Приходили к парторгу подсобные рабочие, занятые на поверхности, просили посодействовать, чтоб перевели их под землю. Подал заявление и дядя Онисим, комендант общежития, а за ним и кладовщик Булкин, тоже бывший крепильщик, и оба старика каждое утро наведывались к Нечаенко справиться, какой дан их бумаге ход.
В те дни партийный комитет на любой шахте был похож на революционный штаб; множество беспартийных людей перебывало тут за этот месяц, некоторые впервые. В маленьком помещении было тесно, и люди топтались в сенях, на крылечке, во дворе, сидели на ступеньках, на дубовых лавочках в палисаднике, курили, ждали; или собирались под багряными кленами на улице и, опершись на свои кайлы, отбойные молотки, ломы и поддиры, как красногвардейцы на ружья, негромко толковали меж собою, и все об одном – о новом движении, о революции под землей...
И о том же – о рекордах, о высоких заработках стахановцев, о переменах на шахте – говорили в любом месте поселка: в клубе, в холостяцких общежитиях, в бане, в приемной у зубного врача, в столовой, в парикмахерской, даже в старой пивнушке на базаре, впрочем, переименованной недавно в «павилион».
– Ну, кто теперь рекорд держит? – спрашивал парикмахер, намыливая мои щеки. – Уже не Абросимов?
– Забара.
– А! Знаю! Брюнет такой, правильно? Не беспокоит?
– Нет, ничего...
– Но Абросимов еще последнего слова не сказал, нет! – продолжал парикмахер. – Они с Воронько опять что-нибудь новое придумают. Уж будьте уверены! Новинкой возьмут. Сейчас вообще в горном деле – все новшества.
– Да?
– А как же! Новым методом ствол проходят, по-новому лавы нарезают... Да вот, слышали про новую систему обрушения кровли?
– Нет.
– Как же! – И он стал рассказывать мне об этом, употребляя то горняцкие, то парикмахерские термины. Например: «ставят органную крепь, получается «как расческа», или «стригут аккуратно, как под машинку «три нуля»... Впрочем, рассказывал он с воодушевлением.

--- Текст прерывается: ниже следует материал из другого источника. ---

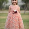 A beautiful girls’ traditional Angrakha dress in a rich rust orange. It features a classic wrapped bodice in intricate brocade fabric and full sheer sleeves with tassel detailing. The tiered skirt adds volume, making this full sleeve festive dress perfect for fall weddings, Diwali, and formal winter celebrations.
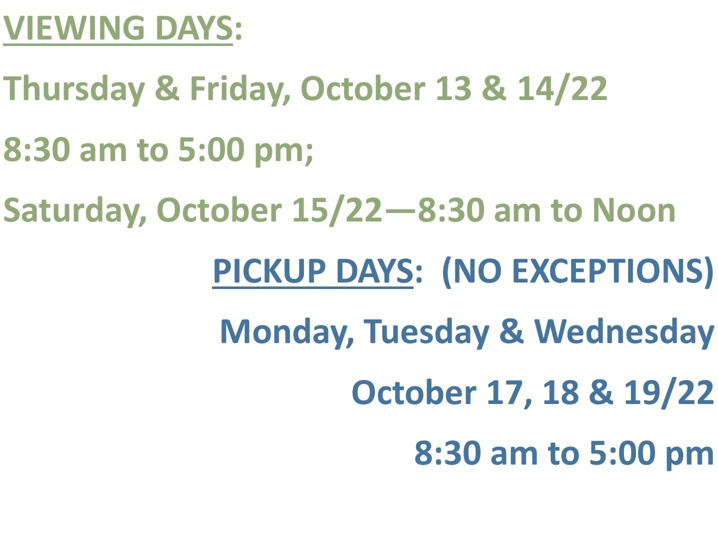 ITEMS NOT PICKED UP BY WED. OCT. 19/22 5PM ARE CONSIDERED ABANDONED & NO REFUND GIVEN. NO EXCEPTIONS.
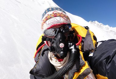 Zum erste Mal beim Bergsteigen künstlichen Sauerstoff atmen
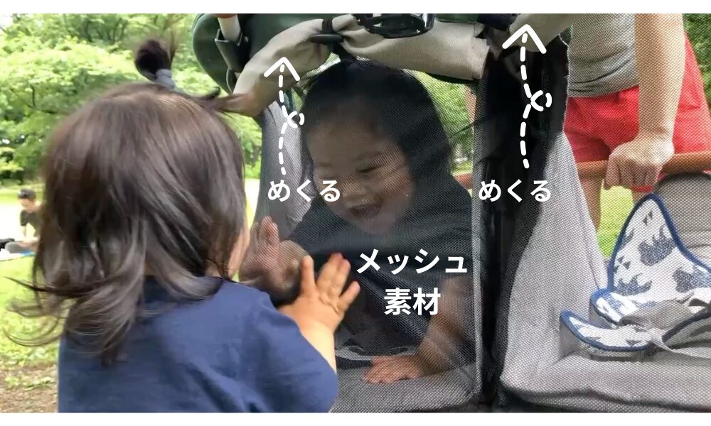 さらにサンシェード(キャノピー)は大きく、ほぼ全体を覆えるほどのサイズ感。個室のような空間が生まれるので、強い日差しはもちろん、人目が多い場所でのお昼寝にも大活躍。視線よけにもなるので子どもが安心して眠れます。
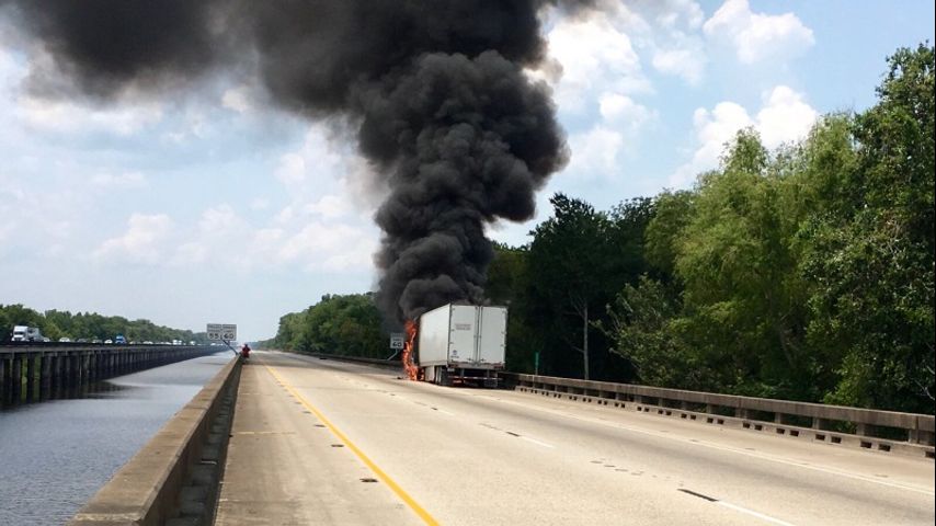 I-10 West now open following 18-wheeler fire on Basin Bridge
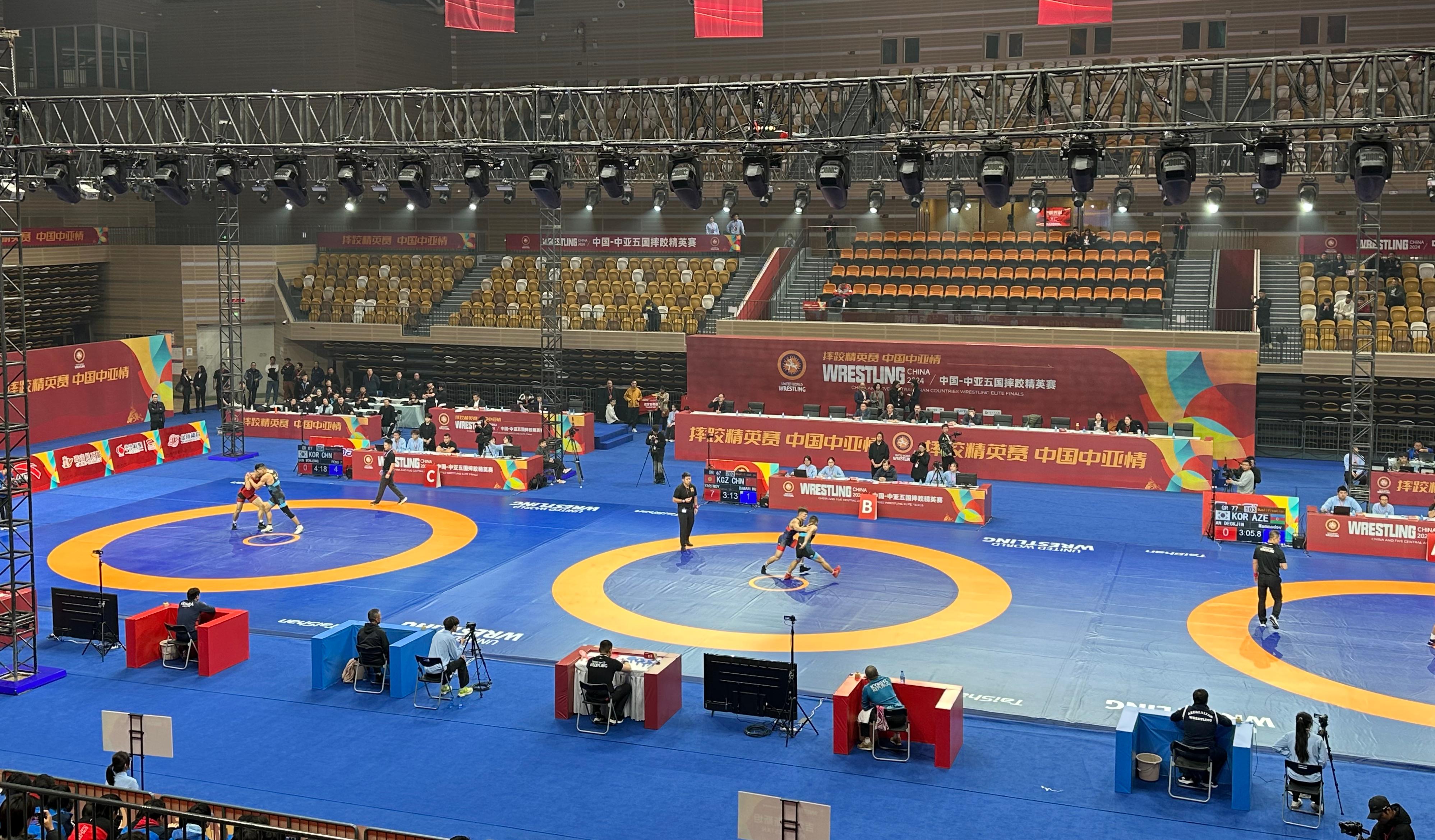 11月11日,2024“一带一路”中国-中亚五国摔跤精英赛在陕西省体育馆开赛。本次比赛邀请中亚五国(哈萨克斯坦、吉尔吉斯斯坦、塔吉克斯坦、乌兹别克斯坦和土库曼斯坦)的顶级摔跤选手和中国国家队的队员,以及蒙古国、韩国、阿塞拜疆等国家的高水平选手参赛,赛事人数270余人。
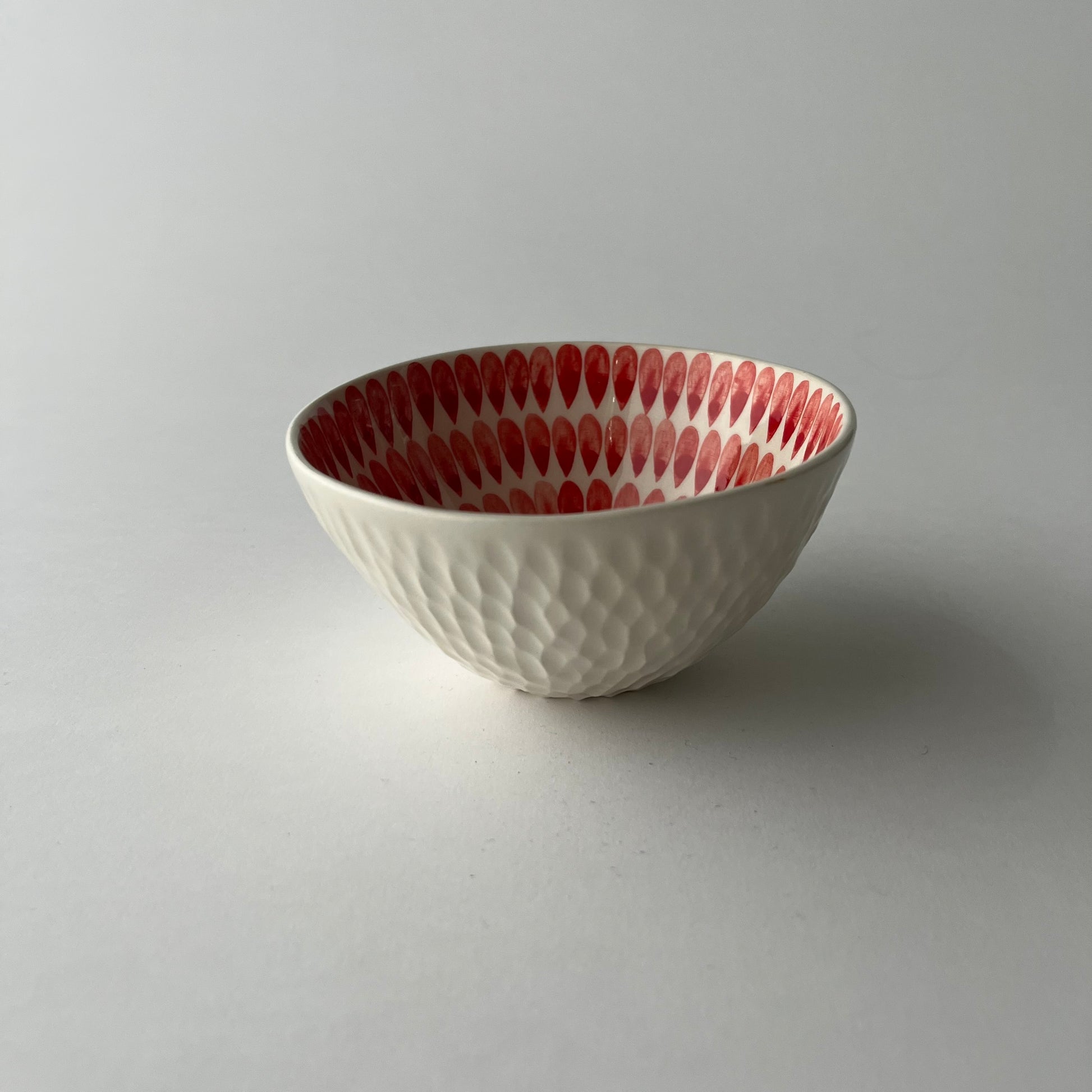 Handmade bowl crafted from white clay and decorated with underglaze pigments. The carved surface gives the bowl a lightness that makes it pleasant to hold. This bowl enlivens interiors and adds a playful touch. It can be used for food preparation, dining, or table serving.

Но больше всего любил я в эти дни толкаться в нарядной. Здесь было особенно интересно. И жарко. Парикмахерская, базар, сквер, даже клуб – все это был второй эшелон, тыл. Нарядная была уже передовой позицией, здесь шахтеры брали на себя обязательства перед боем, брали, подумав. В те дни я не встречал в нарядной людей, лениво и безучастно сидевших в сторонке. Все сбивались вместе вокруг своих бригадиров.
– Егор Минаич, а Егор Минаич! – восклицал в одной такой группке молодой, лихо курносый парень в каске, судя по мотку веревок у пояса, лесогон. – Так какое же будет ваше последнее слово?
– Нет! – негромко отвечал Егор Минаич, пожилой, мрачный шахтер, с усами, совсем закрывшими губы.
– Нет?!
– Нет.
– А отчего же нет, Егор Минаич?
– А оттого, что срамиться не хочу.
– Так мы ж дадим, дадим, Егор Минаич! Вы ж только послушайте! А, Егор Минаич? – с мольбой заглядывая в лицо бригадира, жарко и нежно шептал лесогон и нетерпеливо ждал ответа. – Я ж вам, хотите, еще раз весь план поясню!.. А?
– Нет.
– Нет?!
– Нет.
– Так какое ж будет ваше последнее слово, а. Егор Минаич?
И всюду вокруг себя слышал я этот страстный шепот.
– Да неужели мы от людей отстанем? – говорил в группе забойщиков огненно-рыжий красавец Митя Закорко. – Нет, вы как хотите, а я вызов сделаю.
– Да-а... Как удастся... – нерешительно возражал ему товарищ, но и в его глазах была уже лихорадка. – Надо прикинуть.
– Говорят, Забара на «Красном партизане» полтораста тонн дал.
– Ну, это вряд ли!
– Все говорят...
– Полтораста? Сколько ж он заработал?
Кто-то тут же и подсчитал. Вышло много. Но никто не удивился. К высоким заработкам рекордсменов уже привыкли. В нарядной ежедневно вывешивались большие плакаты: шахтер такой-то дал столько-то процентов нормы, заработал столько-то. Рабочий человек вообще о своих заработках говорит охотно и не таясь.
– Вы как хотите, – с досадой сказал Закорко, – а я Виктора вызову. Не в первый раз мне его вызывать!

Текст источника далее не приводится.